* * *
Телефонный звонок вывел Лену из задумчивости. Потянувшись рукой к тумбочке, она сняла трубку, поздоровалась.
– Последние дни чувствую себя получше, – сказала Лена. – А я думала, вы обо мне забыли.
– Не забыл, – голос Вербицкого на другом конце провода звучал как-то тускло, устало. – Значит, чувствуете себя лучше? – переспросил он. – Приступов тошноты не было? И, слава Богу. Давление себе не измеряете?
– У меня этой штуки нет, как там она называется?

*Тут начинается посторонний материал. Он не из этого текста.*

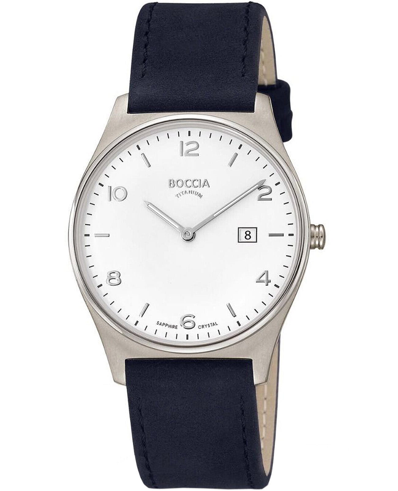 Мужские немецкие титановые часы Boccia Titanium 3655-01, кварцевый механизм с высокой точностью. Сапфировое стеклоСапфировое стеклоПрочный и надёжный материал из кристалла сапфира синтетического происхождения, характеризующийся особой твёрдостью и устойчивостью к царапинам и повреждениям. устойчивое к появлению царапин, обладающее высокой прозрачностью. Корпус изготовлен из титана. Класс водозащиты: 50 метров, позволит защитить корпус от случайных брызг или капель дождя. Кожаный ремешок на стандартной застёжке. Стрелки и метки с люминесцентным покрытиемЛюминесцентное покрытиеПозволяет считывать показания времени в темноте. Производители наносят на стрелки, часовые индексы, безель или поверхность циферблата светонакопительный состав, дающий холодное свечение..
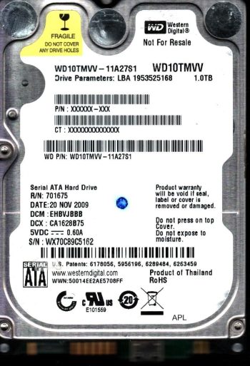 Model:WD10TMVV-11A27S1 Country of manufacture:THAILAND Capacity:1TB Serial number:WX70C89C5162 DCM:EHBVJBBB Date of manufacture:NOV 2009 PCB:2060-701675-001 REV P1 QR code:2061-701675-201 AB SKU:11159
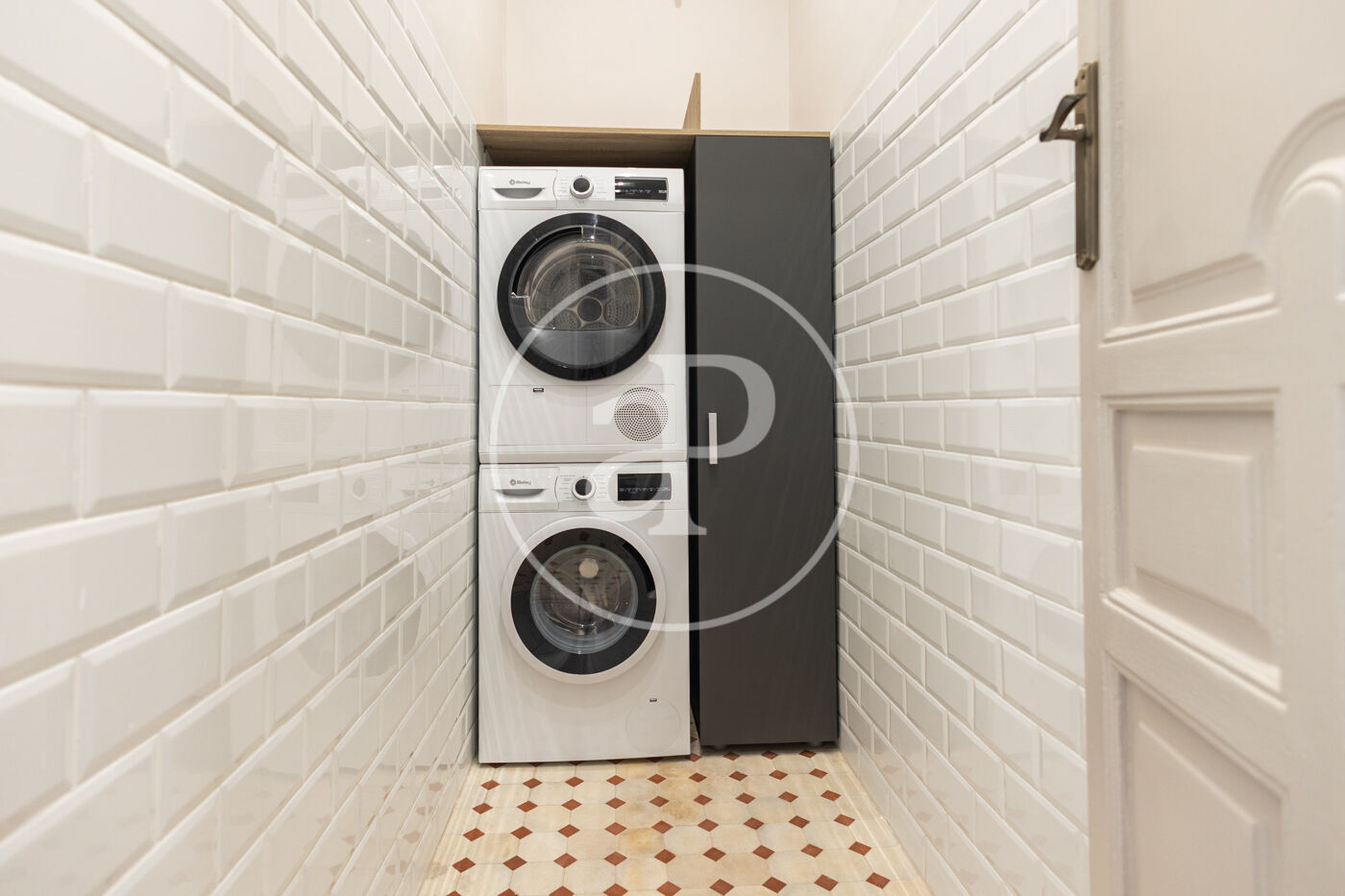 El piso cuenta con dos baños exquisitamente diseñados, equipados con modernas instalaciones y elegantes accesorios. El dormitorio principal, situado estratégicamente en el dúplex, ofrece privacidad y lujo, con un baño en suite que incluye una preciosa ducha para relajarse.

– Тонометр, его нужно купить. А как им пользоваться, я объясню. В консультацию вы ходили? Ничего страшного, позже сходите, после праздников, – Вербицкий кашлянул. – Я, собственно, почему звоню… Приятель привез из Швейцарии один препарат, редкий и очень эффективный. У нас его невозможно достать, потому что выпускать это лекарство начали совсем недавно. Оно улучшает переносимость беременности, выводит из организма матери токсины. Начнете принимать, и сразу забудете о тошноте, рвоте, головокружениях. Чудесное лекарство.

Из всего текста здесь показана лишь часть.